Brassai A, Suvanjeiev R-G, Bán E-Gy, Lakatos M
Department of Pharmacology, University of Medicine and Pharmacy, Târgu Mureş, Romania.
1st Clinic of Psychiatry, University of Medicine and Pharmacy, Târgu Mureş, Romania.
Brain Res Bull. 2015 Mar;112:1-6. doi: 10.1016/j.brainresbull.2014.12.007. Epub 2014 Dec 23.
In acute ischaemic brain injury and chronic neurodegeneration, the first step leading to excitotoxicity and cell death is the excessive release of Glu and the prolonged activation of Glu receptors, followed by intracellular calcium overload. There is apparent agreement that glutamatergic transmission via synaptic NMDA receptors (composed of GluN2A subunits) is neuroprotective, whereas transmission via non-synaptic NMDA receptors (composed of GluN2B subunits) is excitotoxic. Extrasynaptic NMDARs activate cell death pathways and may play a key role in Glu-induced excitotoxic neurodegeneration and apoptosis. Accordingly, the function of protective pathways may be impaired by the concomitant blockade of GluN2A-containing receptors. In contrast, the selective inhibition of non-synaptic GluN2B-containing NMDARs may be beneficial in neuroprotection because it can prevent neuronal cell death and thus maintain protective pathways.

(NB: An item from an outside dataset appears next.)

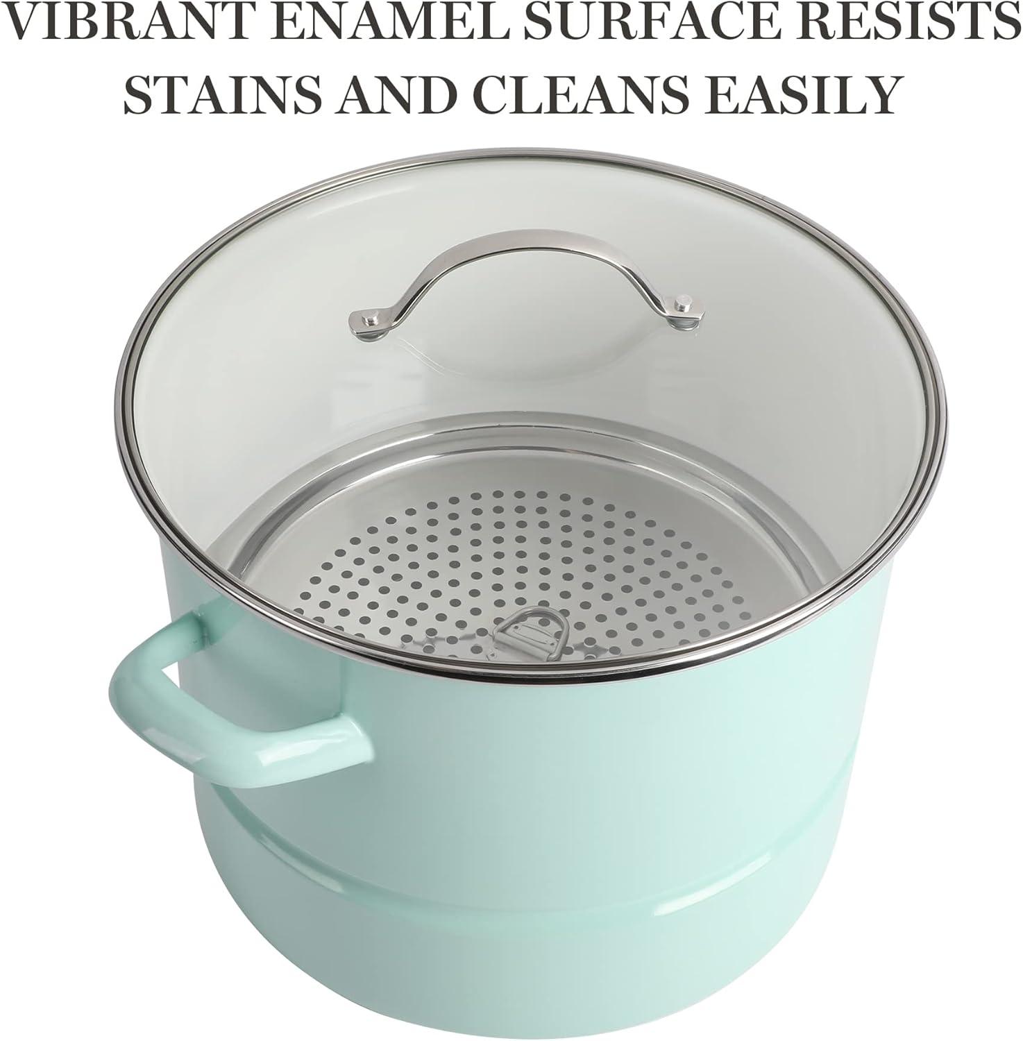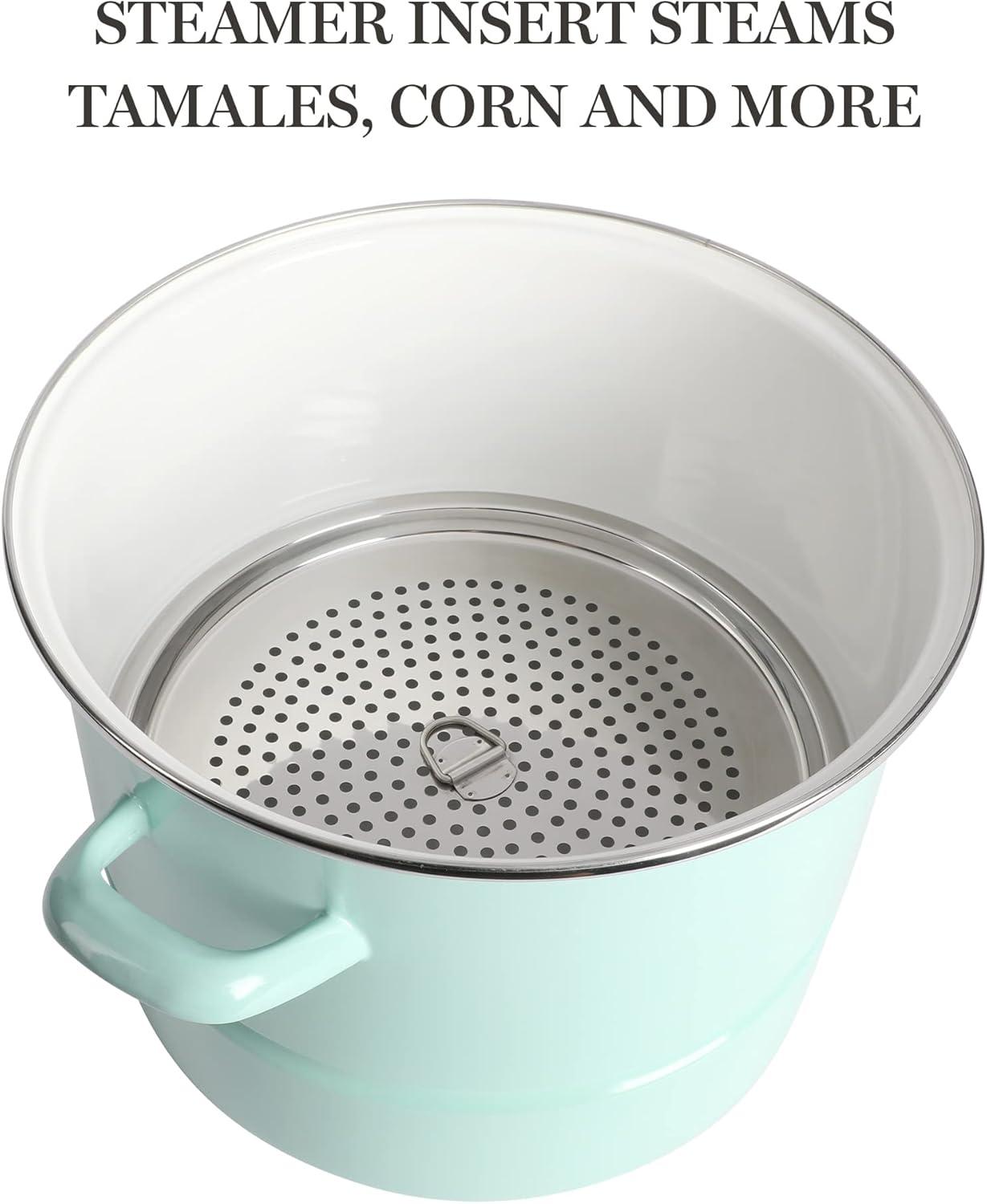 Multi-pots are a great addition to any home kitchen. The Thayer 8-quart Enamel on Steel Stock Pot with Lid and Steamer Insert is a sturdy piece of cookware that prepares and delivers good and generous amounts of soups, stocks, stews, and more. Crafted from durable steel, it promotes uniform heat distribution throughout its beautifully-enameled, stain-resistant vessel. The enamel finish makes cleanup a breeze to help you spend less time in the kitchen and bring your focus back to entertaining and mingling with your guests. With a 8-quart capacity and a spacious interior, this durable steel pot provides enough room for family-sized dishes. Cast side handles offer balance and support when lifting and transferring a heavy pot of shrimp boil, pasta, or chicken soup. Suitable to use on all kinds of stovetops, the multi-functional steel pot can also steam vegetables, corn, dumplings, and more. The vented, tempered glass lid provides visibility to monitor cooking progress. Oven safe up to 450°F. Hand wash only.
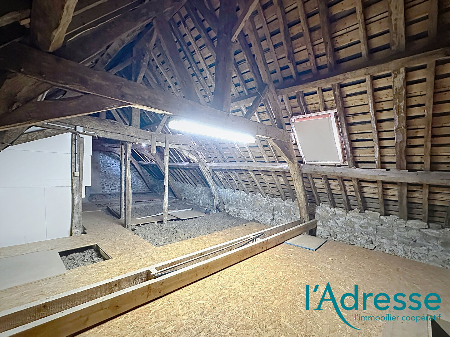 Sous les combles, un second grenier complète l'ensemble, offrant encore davantage de possibilités de stockage ou d'extension selon les besoins.

在急性缺血性脑损伤和慢性神经退行性变中,导致兴奋性毒性和细胞死亡的第一步是谷氨酸(Glu)的过度释放和Glu受体的长时间激活,随后是细胞内钙超载。目前普遍认为,通过突触N-甲基-D-天冬氨酸(NMDA)受体(由GluN2A亚基组成)的谷氨酸能传递具有神经保护作用,而通过非突触NMDA受体(由GluN2B亚基组成)的传递则具有兴奋性毒性。突触外NMDAR激活细胞死亡途径,可能在Glu诱导的兴奋性毒性神经退行性变和细胞凋亡中起关键作用。因此,含GluN2A受体的同时阻断可能会损害保护途径的功能。相比之下,选择性抑制含非突触GluN2B的NMDAR可能对神经保护有益,因为它可以防止神经元细胞死亡,从而维持保护途径。